The answer is the data repeated in full, with no pictures included.

Collected material: Begin

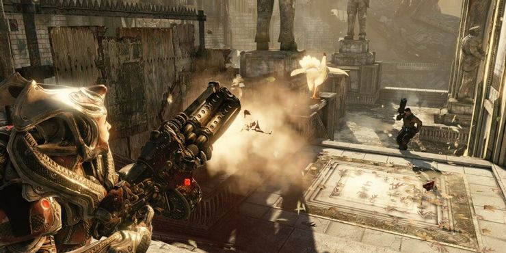Es gratamente sorprendente encontrar una de las armas más extrañas en un juego serio como Engranajes de guerra 3. Los jugadores pueden optar por volar a través del Lambent usando el Cluckshot, un gran lanzagranadas que dispara pollos.
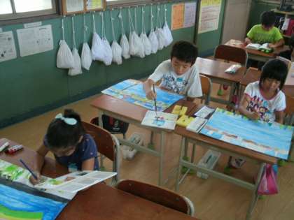1学期に大和川に行き、下絵を描いて色を塗り始めました。でも、夏休みに入ってしまい、中断していました。
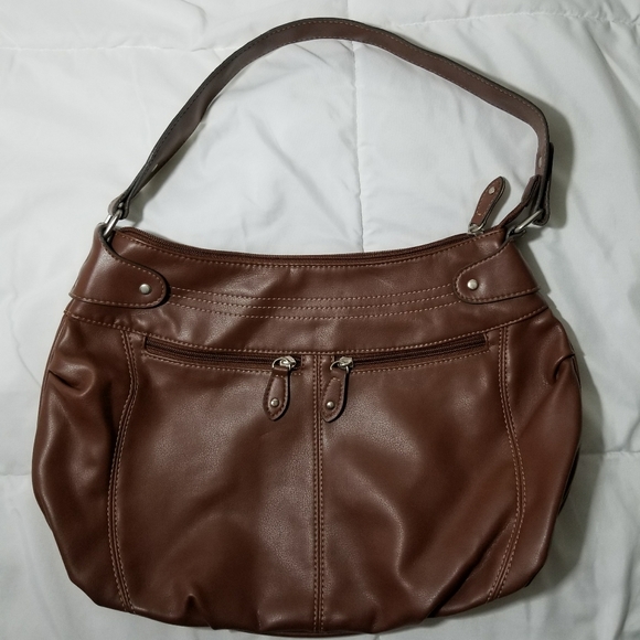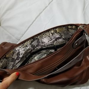 - Condition: Fair. There is a small flaw in the back of the purse like a white mark as seen in picture. Also, the inside of the purse has yellowish marks inside the purse as seen in pictures. Used.

Collected material: End

* Completed exercise:
Es gratamente sorprendente encontrar una de las armas más extrañas en un juego serio como Engranajes de guerra 3. Los jugadores pueden optar por volar a través del Lambent usando el Cluckshot, un gran lanzagranadas que dispara pollos.
1学期に大和川に行き、下絵を描いて色を塗り始めました。でも、夏休みに入ってしまい、中断していました。
 - Condition: Fair. There is a small flaw in the back of the purse like a white mark as seen in picture. Also, the inside of the purse has yellowish marks inside the purse as seen in pictures. Used.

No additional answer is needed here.